Froh war da Niemand, | weder Weib noch Mann.

Eh er bestattet wurde, | las und sang man da:

Hei! was man guter Pfaffen | bei seiner Bestattung sah!

1098

Bevor da zu dem Grabe | kam das getreue Weib,

Rang sie mit solchem Jammer | um Siegfriedens Leib,

Daß man sie mit Wasser | vom Brunnen oft begoß:

Ihres Herzens Kummer | war über die Maßen groß.

1099

Es war ein großes Wunder, | daß sie zu Kräften kam.

Es halfen ihr mit Klagen | viel Frauen lobesam.

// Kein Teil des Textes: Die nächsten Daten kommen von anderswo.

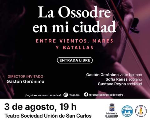 En el marco de un aniversario de la fundación de San Carlos, la Orquesta Sinfónica del Sodre presentará su show denominado “Entre vientos, mares y batallas”. El espectáculo será este sábado 3 de agosto a las 19 horas con entrada libre y gratuita.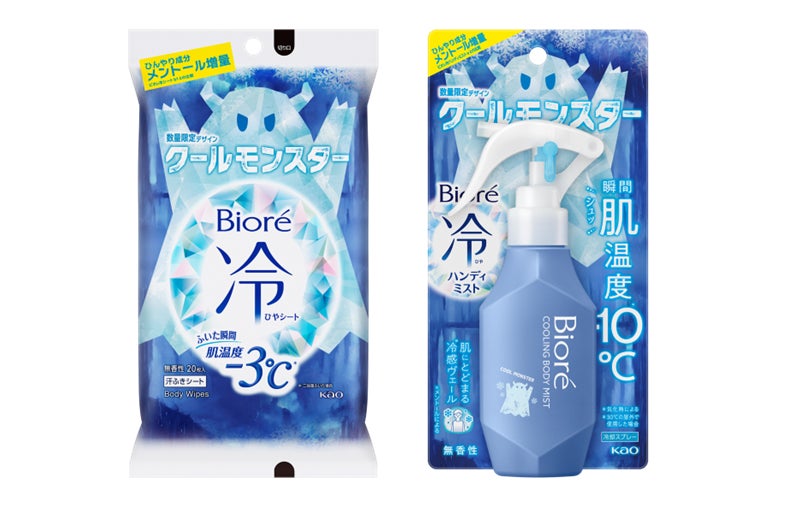肌をふいた瞬間に肌温度を3℃下げる*2 汗ふきシート『ビオレ 冷シート』と暑さが気になった瞬間にいつでもどこでもシュッとするだけで瞬間肌温度を10℃下げる*4 冷却ミスト「ビオレ 冷(ひや)ハンディミスト」からクールモンスターデザインを数量限定で発売。ひんやり成分のメントールを増量*1。

«Ihr, meines Siegfrieds Mannen,» | sprach die Königin,

«Erweist mir eine Gnade | aus erbarmendem Sinn.

1100

«Laßt mir nach meinem Leide | die kleinste Gunst geschehn»,

Daß ich sein schönes Angesicht | noch einmal dürfe sehn,»

Da bat sie im Jammer | so lang und so stark,

Daß man zerbrechen muste | den schön geschmiedeten Sarg.

1101

Hin brachte man die Königin, | wo sie ihn liegen fand.

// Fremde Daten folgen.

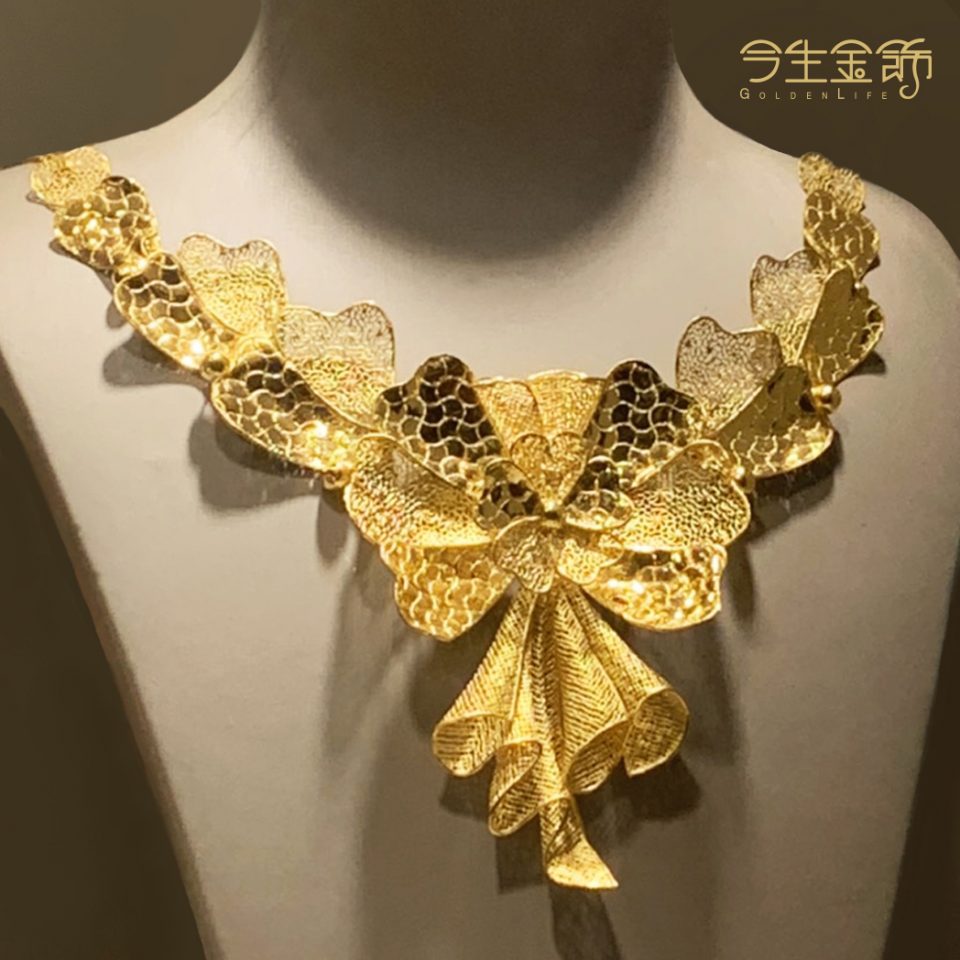 獨特的切割工藝,運用古老工具進行平行切割,讓黃金表面具如絲綢般的光澤。這項技術極複雜煩瑣,需要師傅工匠們耐心地將細若游絲的金絲一根根“編織”起來,完全手工製作,只要出一點錯,都必須從頭再來。

Sein schönes Haupt erhob sie | mit ihrer weißen Hand

Und küsste so den Todten, | den edeln Ritter gut:

Ihre lichten Augen | vor Leide weinten sie Blut.

1102

Ein jammervolles Scheiden | sah man da geschehn.

Man trug sie von dannen, | sie vermochte nicht zu gehn.

Da lag ohne Sinne | das herrliche Weib:

Vor Leid wollt ersterben | ihr viel wonniglicher Leib.

1103

Als der edle Degen | also begraben war,

Sah man in großem Leide | die Helden immerdar,

Die ihn begleitet hatten | aus Nibelungenland:

Fröhlich gar selten | man da Siegmunden fand.

1104

Wohl Mancher war darunter, | der drei Tage lang

Vor dem großen Leide | weder aß noch trank;

Da konnten sie's nicht länger | dem Leib entziehen mehr:

Sie genasen von den Schmerzen, | wie noch Mancher wohl seither.

1105

Kriemhild der Sinne ledig | in Ohnmächten lag

Den Tag und den Abend | bis an den andern Tag.

Was Jemand sprechen mochte, | es ward ihr gar nicht kund.

Es lag in gleichen Nöthen | auch der König Siegmund.

1106

Kaum daß ihn zur Besinnung | zu bringen noch gelang.

Seine Kräfte waren | von starkem Leide krank:

Das war wohl kein Wunder. | Die in seiner Pflicht

sprachen: «Laßt uns heimziehn: | es duldet uns hier länger nicht.»